That the country is resolutely heading towards a carbon neutral economy is not the least bit secret, nor will the target change with a different government.
Farming will, over the next few years, become increasingly buoyant with not only higher market prices but a higher percentage making its way back to the farmer.
And that’s because the farming community has shown time and again when there is a requirement for fundamental change it will simply get on and do it, however we don’t see that as embracing the current high profile regenerative farming model.
Without clover as the base, multi-species pastures and poor utilisation will result in a steady reversion to low fertility species with proponents steadily losing enthusiasm.
Nitrogen is essential for higher fertility species to thrive and with reduced urea usage the only way sufficient nitrogen can be made available for high producing permanent grazed pastures is via stronger and more vigorous clover.
That less urea will be applied is clear from the proposed regulation limiting annual nitrogen application to 190kgN/ha maximum.

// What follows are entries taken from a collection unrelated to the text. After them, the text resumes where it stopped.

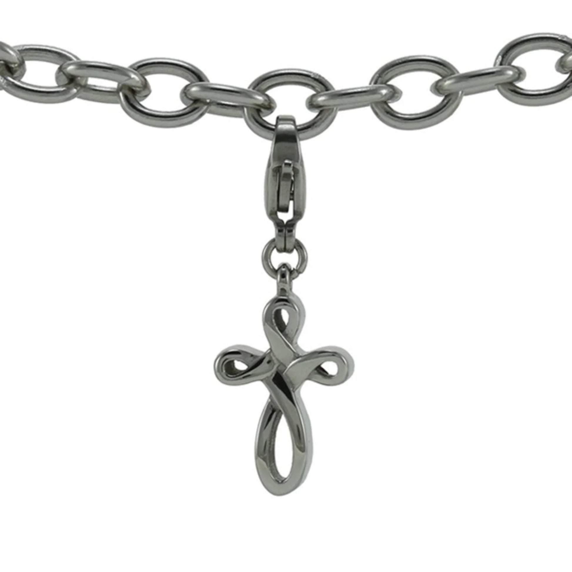 This cremation charm bracelet is made to hold a small amount of ashes so you can carry a quiet symbol of faith and remembrance on your wrist. It pairs a petite metal bracelet with an infinity cross charm, creating a meaningful accent that suits everyday wear. A discreet threaded compartment on the back of the charm stores a nominal amount of cremated remains, and a fill kit is included to make setting it up at home straightforward. The lobster-claw connector allows the charm to attach securely while remaining easy to remove or reposition if needed. The smooth, non-engraved finish invites you to let the shape of the cross itself speak for your loved one's faith, hope, or enduring presence. Soft and subtle, this bracelet offers a gentle way to hold a comforting symbol close throughout the day.
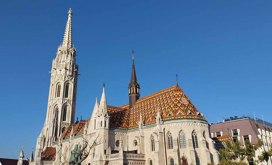 В центре всей «композиции» находится католическая церковь Матьяша. Она реально древняя. Построена во второй половине XIVвека в готическом стиле, что редкость для Венгрии. У нее неправильная прямоугольная форма. Высота колокольни – 80 метров. Это самое высокое сооружение в окрестностях. Кровля церкви покрыта знаменитой печской черепицей.
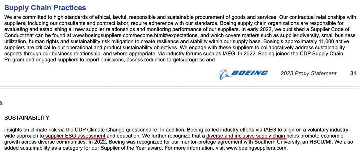 Boeing didn't just mandate DEI at Boeing. Italso prioritized ESG and DEI in their supply chain, as with ESG agendas, which suggests they did not look for the best suppliers on quality and safety on objective metrics, but focused on meeting their ESG goals instead.
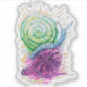 Un caracol vibrante con una concha espiral se representa en colores vivos y contrastantes, resaltando los vivos tonos del caracol.
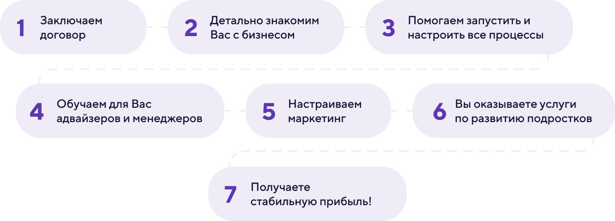 Присоединяйтесь к нам и станьте частью большого дела! Откройте высокорентабельный и социально значимый бизнес по всестороннему развитию подростков”.
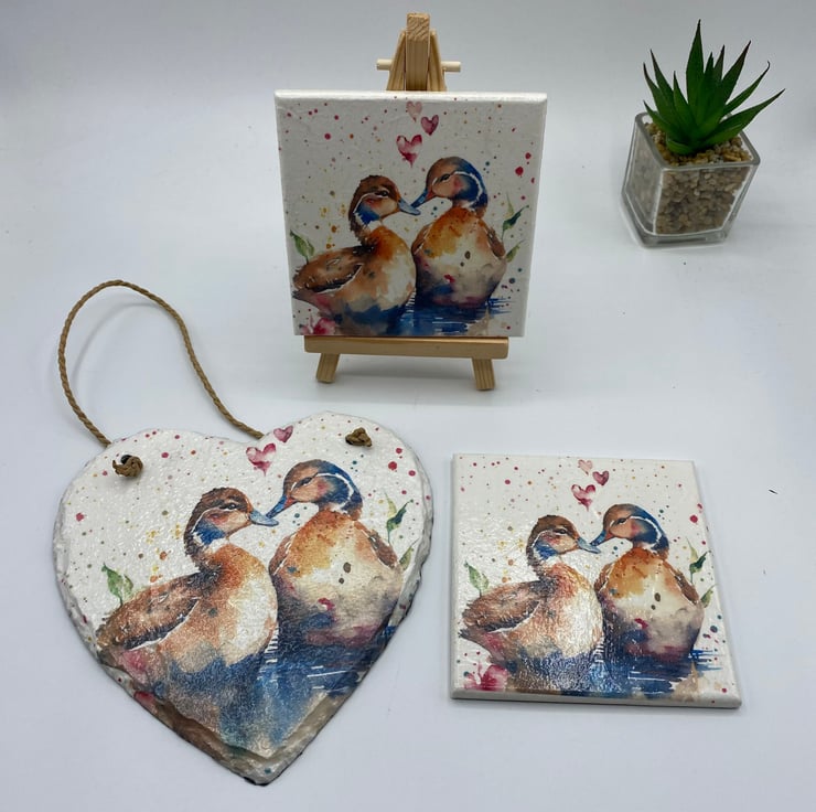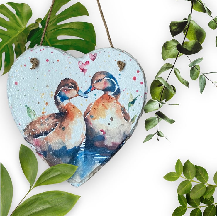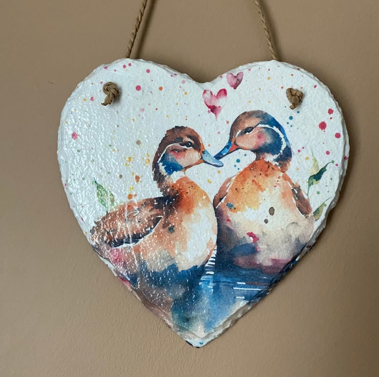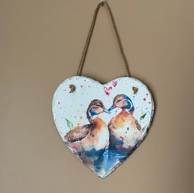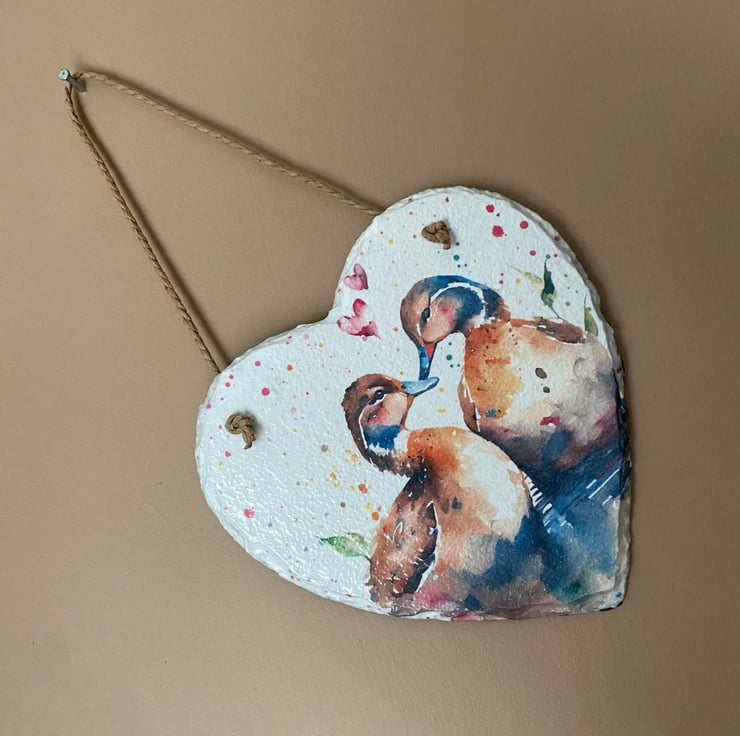 Add a touch of charm twith this delightful hanging slate heart adorned with sweet ducks. Handcrafted, this unique piece showcases the art of Decoupage, enhancing its rustic aesthetic. Whether you're a bird lover or simply looking to add a touch of whimsy, this adorable wall art is perfect for any space. Hang it in the foyer to welcome guests with a touch of nature or in the kitchen for a cozy farmhouse feel. Wherever it finds its place, this hanging slate heart is sure to bring a smile to your face and create a warm, inviting atmosphere.
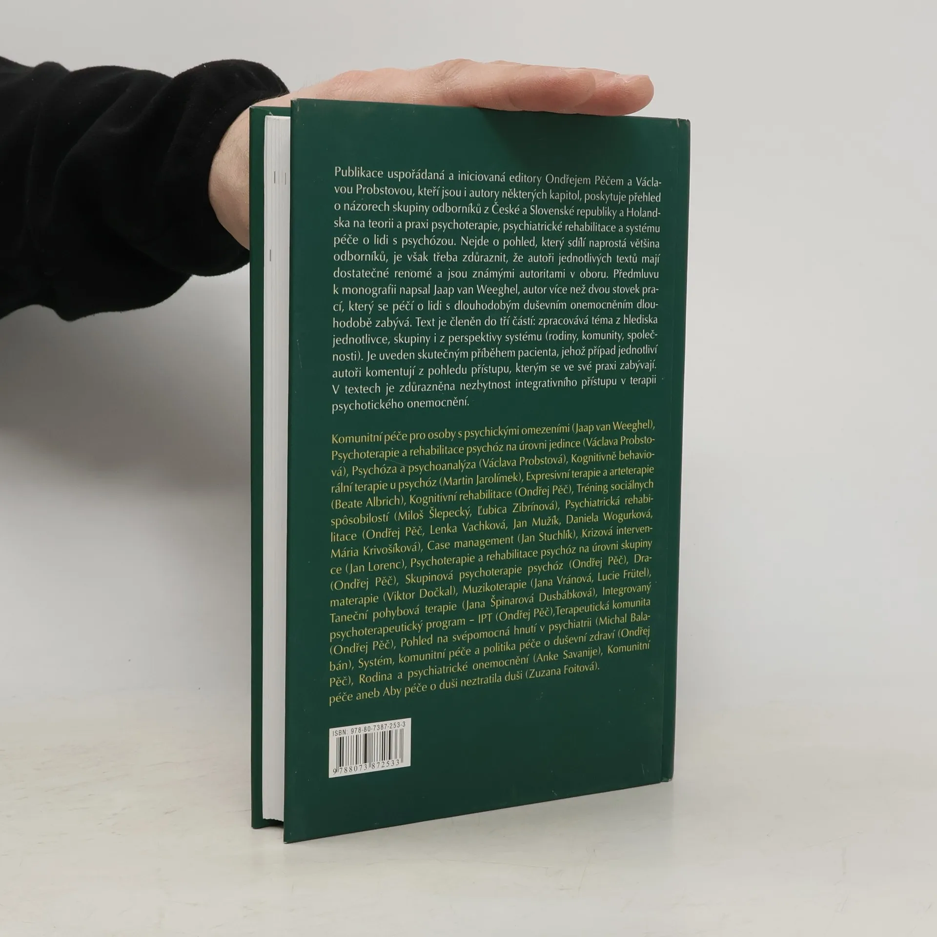 Publikace uspořádaná a iniciovaná editory Ondřejem Pěčem a Václavou Probstovou, kteří jsou i autory některých kapitol, poskytuje přehled o názorech skupiny odborníků z České a Slovenské republiky a Holandska na teorii a praxi psychoterapie, psychiatrické rehabilitace a systému péče o lidi s psychózou. Nejde o pohled, který sdílí naprostá většina odborníků, je však třeba zdůraznit, že autoři jednotlivých textů mají dostatečné renomé a jsou známými autoritami v oboru.
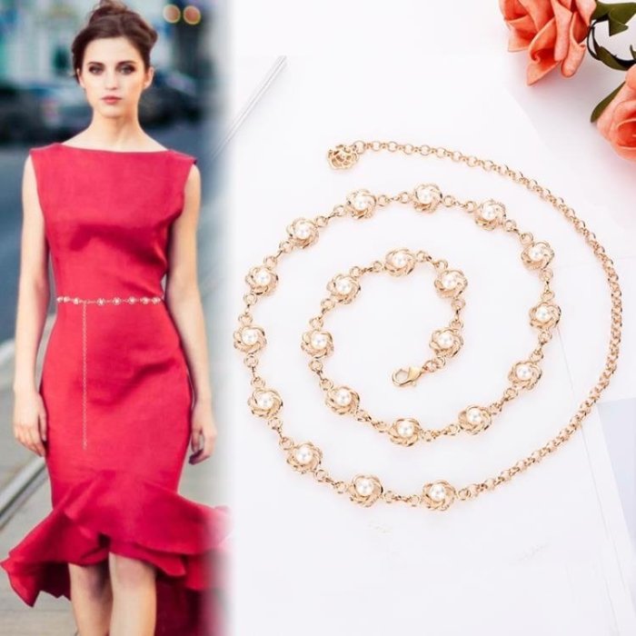 優寶購物《ubao.Tw》特貨品商城,黑貓宅配,取貨付款,下殺 珍珠腰鍊女士時尚百搭腰帶裝飾連衣裙甜美太陽花金屬鍊條韓版裙帶 | Yahoo拍賣

The amount is not the key issue as that can be altered, it is the fact that there will be an enforceable limit.
Hard on the heels of that came the news that the NZ Unit (carbon) price will be lifted from $25 to $35, allowing government to provide both an incentive and a penalty.

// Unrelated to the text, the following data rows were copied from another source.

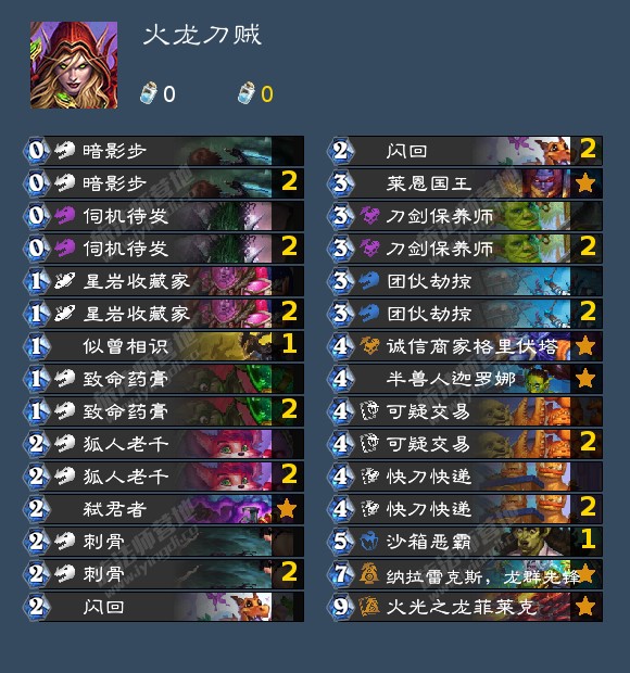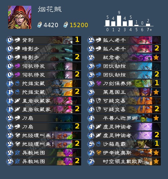 这套卡组是HDT上场次最多的烟花贼构筑,小编测试下来78把63%胜率。相较于火龙刀贼更加吃环境,优点是几乎稳吃战士DK等慢速,缺点是快攻抗性非常差,打术士猎人萨满胜率极低。
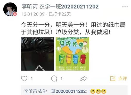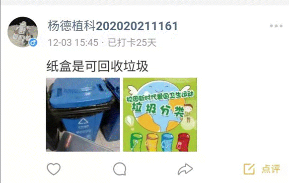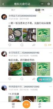 活动期间同学们的打卡热情十分高涨,都踊跃晒出自己的光盘照片与垃圾分类照片并且每一次打卡都配有心得体会。
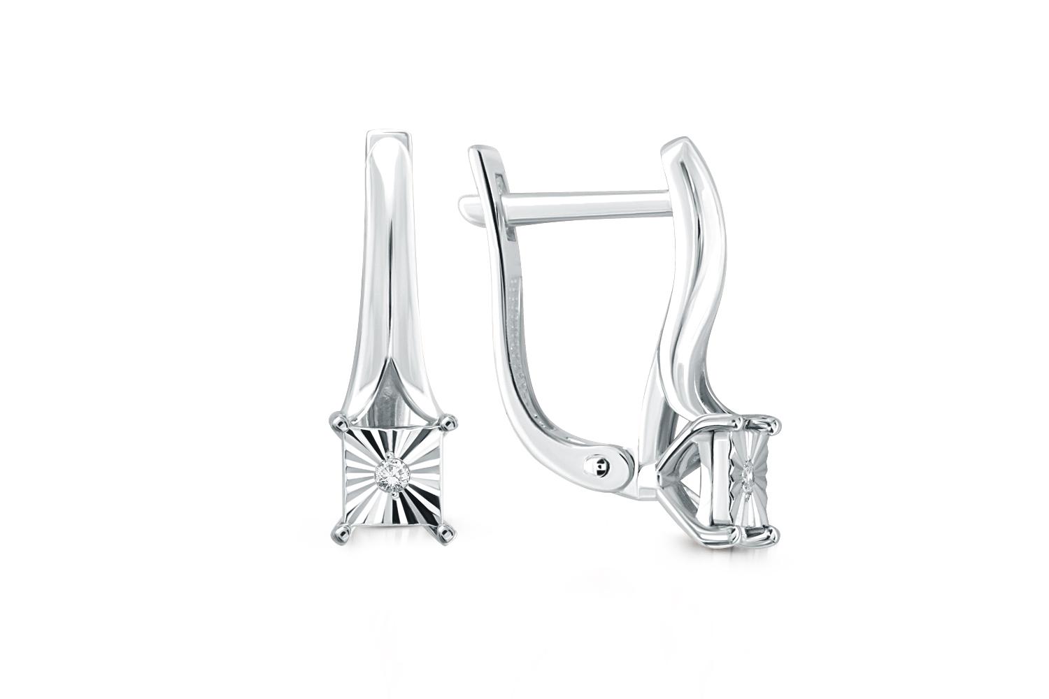 Закажите Серьги из белого золота с 2 бриллиантами с получением в Москве через курьерскую службу доставки напрямую с нашего производственного склада завода NEWGOLD!

Simplistically farmers losing carbon will have a tax to pay, and those sequestering carbon receiving a payment. It is important that farmers begin measuring soil carbon on their properties. The VSA colour, and local laboratory Hot Water Carbon tests are an excellent start point.
It is under permanent grazed pasture that carbon is most rapidly sequestered and with increased soil carbon comes improved nitrogen retention. As more carbon from atmospheric carbon dioxide is removed, the green houses gases nitrous oxide and methane will become steadily less relevant.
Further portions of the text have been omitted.